В повести «С равнин и болот Сомерсета» описывалось путешествие отца с девятилетней дочерью по опустошенной стране, среди сгоревших деревень и городков, где жизни постоянно угрожают холера, крысы и бубонная чума, где вода отравлена, и соседи бьются насмерть за древнюю банку сока, и местные считают себя счастливцами, если их пригласили на праздничный обед из собаки и пары тощих кошек, поджаренных на костре. Когда отец с дочерью добираются до Лондона, там запустение еще мерзее. Среди осыпающихся небоскребов и ржавых машин, на уступчатых улицах, кишащих крысами и одичалыми псами, шайки бандитов с раскрашенными лицами терроризируют нищее население. Электричество — в незапамятном прошлом. Функционирует — и то еле-еле — только само правительство. Его высотный дом торчит над равниной потрескавшегося, проросшего травой бетона. На рассвете по дороге к очереди перед правительственным домом отец и дочь проходят по равнине между «гнилыми растоптанными фруктами, картонными коробками, превращенными в постели, кострищами и скелетами поджаренных голубей, ржавыми жестянками, следами рвоты, зелеными химическими лужами, человеческими и животными экскрементами. Старый сон о горизонтальных линиях, сходящихся к громадному перпендикуляру из стекла и стали, — теперь его невозможно было вспомнить».
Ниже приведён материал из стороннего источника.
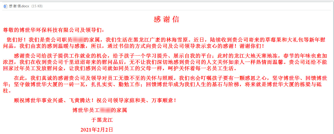 送“溫暖”:公司的發(fā)展壯大,離不開每一位員工家屬的鼎力支持和默默奉獻(xiàn)。公司加大對假期堅守崗位、不能回家與親人團(tuán)聚的員工的關(guān)愛,通過“春節(jié)大禮包寄親人”等活動,把博世華環(huán)保對員工的關(guān)心、關(guān)愛傳達(dá)給留杭、留項目員工家屬。近日,一個個寄托美好祝福的大禮包已陸續(xù)寄送至員工家屬手中,有家屬在收到大禮包后,激動地發(fā)來感謝信,感謝公司就如同員工的父母一樣,呵護(hù)關(guān)懷著每一名員工生活及成長,同時也表達(dá)出對員工主動留杭的支持及理解。

Эта площадь, где разворачивается действие средней части, — гигантский микрокосм печального нового мира. Посреди — бездействующий фонтан, воздух над ним «серый от мух. Каждый день сюда приходят мужчины и мальчики, чтобы присесть на широкий бетонный борт и опорожниться». На этом насесте «они похожи на бесперых птиц». Позже, днем, площадь превращается в людской муравейник, в воздухе висит густой дым, стоит оглушительный шум, люди раскладывают свой жалкий товар на цветных одеялах, отец торгуется за обмылок, хотя чистой воды не найти. Все, что продается здесь, сделано давным-давно и способами, которые уже непонятны. Позже мужчина (имя его, к вящей досаде, так и не сообщается) встречает старую подругу, счастливую обладательницу комнаты. Она коллекционерка. На столе — телефон, «от шнура осталось десять сантиметров, а позади него была прислонена к стене катодная лучевая трубка. Деревянный корпус телевизора, стеклянный экран и ручки регуляторов давно оторваны, и только разноцветные проводки обвивали тусклый металл». Она, по ее словам, дорожит такими предметами, потому что это «продукты человеческой изобретательности и расчета. А от нелюбви к предметам один шаг до нелюбви к людям». Он же не видит смысла в этом собирательстве. «Без телефонной сети телефоны — никчемный мусор».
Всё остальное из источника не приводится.